▶ **EXERCISE**:
Images are not wanted; transcribe the rest of the listing exactly.

▶ **DATA EXTRACT**:
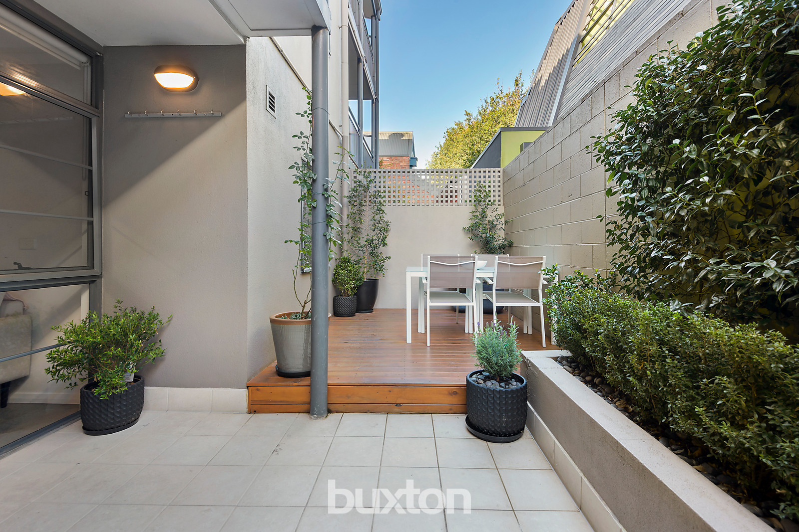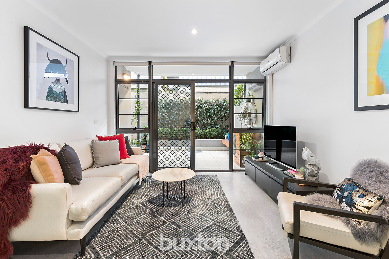 A designer's eye for style and quality has taken this spacious ground floor apartment to a whole new level of luxury in sought after surroundings just an easy stroll from both Chapel and Fitzroy Streets. Tucked right away at the rear of an impeccably maintained secure complex, its beautifully stylish spaces form a perfect partnership with an irresistible outdoor courtyard primed for fabulous alfresco entertaining. Polished concrete floors and a crisp neutral colour palette establish a sophisticated sense of contemporary chic throughout open plan living/dining zones and an expertly renovated kitchen finished with stone benchtops, integrated Liebherr fridge/freezer and Miele appliances. Floor to ceiling glass steps out to secluded outdoor spaces for breakfast right up to larger scale entertaining in leafy surroundings that include built in seating. A double bedroom with BIRs and an inspired open study with Calacatta marble benchtops and extensive office storage are exquisitely complemented by a seductive, hotel style bathroom where Rogerseller fixtures, stone benchtops and ample storage provide the ultimate early morning luxury. Reverse cycle heating/cooling, Euro laundry, intercom security, a storage cage and secure basement parking complete a rare first home or lifestyle offering in a fabulous lifestyle location near the beach, CBD trams, Windsor Station and all the cafes, bars, shops and nightlife you can handle!
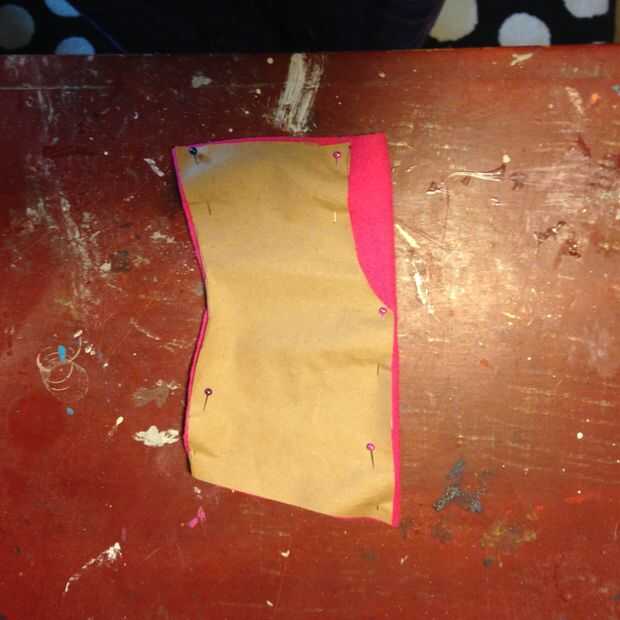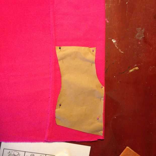 Recorte. Ahora doblar su poco de paño grueso y suave y coloque el patrón sobre el pliegue. Alfileres y recortarlo. No recorte la parte inferior del contorneada del patrón debido a que inicialmente no permiten para mis costuras. Al final no importaba que no eran contorneadas para solo poder hacer esta parte recto como yo lo hice. Hacer lo mismo con su tela.
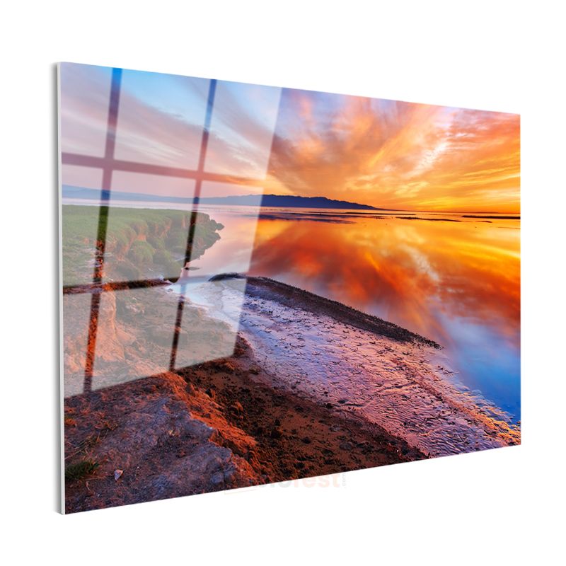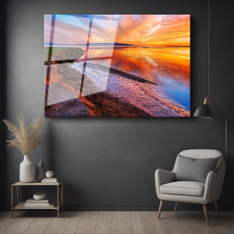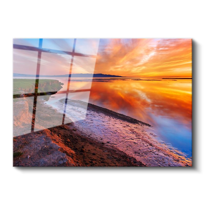 Alev Renkli Gün Batımı - Sahilde Altın Yansımalar Cam Tablo

▶ **TASK OUTPUT**:
 A designer's eye for style and quality has taken this spacious ground floor apartment to a whole new level of luxury in sought after surroundings just an easy stroll from both Chapel and Fitzroy Streets. Tucked right away at the rear of an impeccably maintained secure complex, its beautifully stylish spaces form a perfect partnership with an irresistible outdoor courtyard primed for fabulous alfresco entertaining. Polished concrete floors and a crisp neutral colour palette establish a sophisticated sense of contemporary chic throughout open plan living/dining zones and an expertly renovated kitchen finished with stone benchtops, integrated Liebherr fridge/freezer and Miele appliances. Floor to ceiling glass steps out to secluded outdoor spaces for breakfast right up to larger scale entertaining in leafy surroundings that include built in seating. A double bedroom with BIRs and an inspired open study with Calacatta marble benchtops and extensive office storage are exquisitely complemented by a seductive, hotel style bathroom where Rogerseller fixtures, stone benchtops and ample storage provide the ultimate early morning luxury. Reverse cycle heating/cooling, Euro laundry, intercom security, a storage cage and secure basement parking complete a rare first home or lifestyle offering in a fabulous lifestyle location near the beach, CBD trams, Windsor Station and all the cafes, bars, shops and nightlife you can handle!
 Recorte. Ahora doblar su poco de paño grueso y suave y coloque el patrón sobre el pliegue. Alfileres y recortarlo. No recorte la parte inferior del contorneada del patrón debido a que inicialmente no permiten para mis costuras. Al final no importaba que no eran contorneadas para solo poder hacer esta parte recto como yo lo hice. Hacer lo mismo con su tela.
 Alev Renkli Gün Batımı - Sahilde Altın Yansımalar Cam Tablo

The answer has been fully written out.